What has changed since then is that HRV wristbands can now do this continuously, passively, and at scale.


From ICU Technology to Everyday Care

In clinical environments, HRV is already used where patients cannot speak.

HRV-based systems like the Analgesia Nociception Index (ANI) translate heart rhythm patterns into indicators of:

  • Pain
  • Distress
  • Autonomic imbalance

They allow clinicians to detect discomfort before visible agitation appears.

The same principle applies to a wristband for chronic care:

The body often signals overload before the patient can name it.

Now imagine this outside the ICU.


What a Cumulative-Stress Wristband Could Do

A thoughtfully designed medical wristband could:

  • Establish a personal HRV baseline
  • Track rolling stress load across days and weeks
  • Detect sustained autonomic suppression
  • Flag “recovery debt,” not just acute events
  • Support patients who under-report pain
  • Give clinicians context before visits
  • Validate patient experience with objective trends

Instead of alerts that scream “something is wrong now,” it could quietly say “this system has been struggling for a while.”

That distinction matters.


Why HRV Over GSR for This Role

GSR (galvanic skin response) is useful, but HRV is better suited for cumulative monitoring because it:

  • Reflects whole-system regulation
  • Is less reactive to momentary artifacts
  • Connects directly to emotional and cardiovascular health
  • Supports recovery tracking, not just arousal

For long-term, real-world use, HRV becomes the backbone signal, with others layered on when needed.


A Necessary Guardrail

HRV is deeply individual.

A meaningful wristband system must:

  • Learn each person’s baseline
  • Account for medications and conditions
  • Focus on patterns, not scores
  • Support—not replace—clinical judgment

This is not about diagnosing disease. It helps reveal physiological stress that often goes unnoticed in traditional care.


Where This Points Next

The future is not just wearables. It’s wearables + narrative + clinical context.

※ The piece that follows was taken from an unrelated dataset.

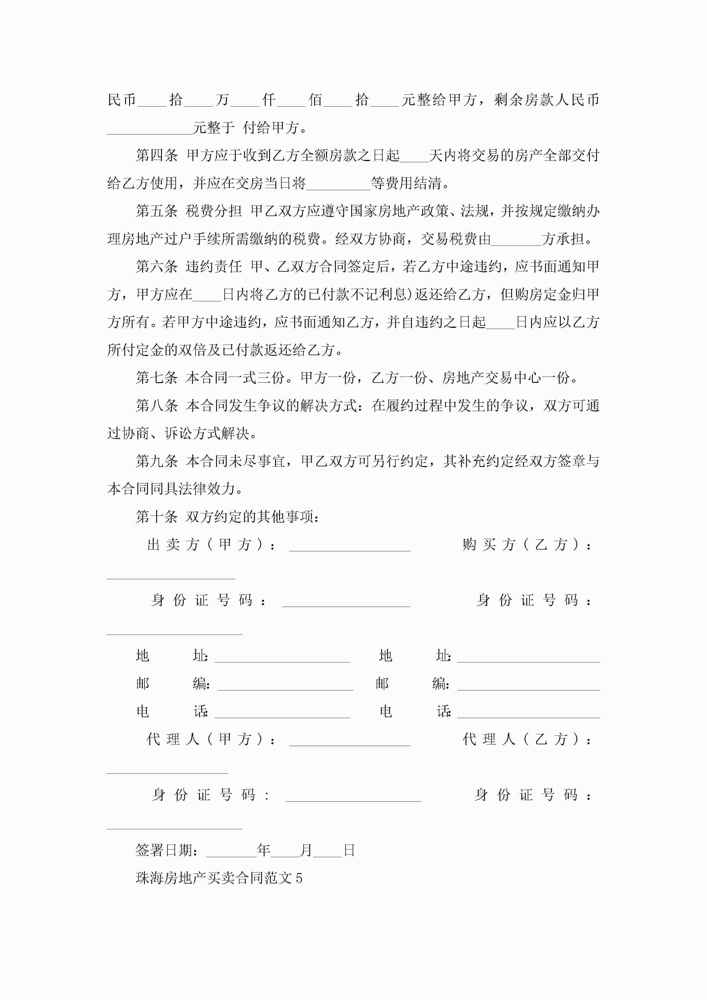 珠海房地产买卖合同范文5篇jugei3月23日 01:38发布关注216 珠海房地产买卖合同范文5篇此内容为付费资源,请付费后查看¥10.9 单篇文档限时特惠¥15个人会员开通企业会员开通立即下载无需登陆!可直接快捷下载单个模板付费资源© 版权声明THE ENDWord模板# 实用文档# 实用模板# 合同模板# 买卖合同 如有问题,可点击最底部“联系我们”联系客服 分享QQ空间微博QQ好友海报分享复制链接收藏

A wristband that tracks cumulative stress becomes most powerful when paired with:

  • Symptom journaling
  • Patient stories
  • Clinician insight
  • AI used as a pattern-finder, not a decision-maker

That combination turns raw data into understanding.

Healthcare doesn’t fail because it lacks numbers. It fails because it misses quiet signals over time.

A medical wristband that listens for cumulative stress—using HRV—could help us finally hear what many patients have been living with all along.

Disclaimer - Article is for information only and is not medical advice.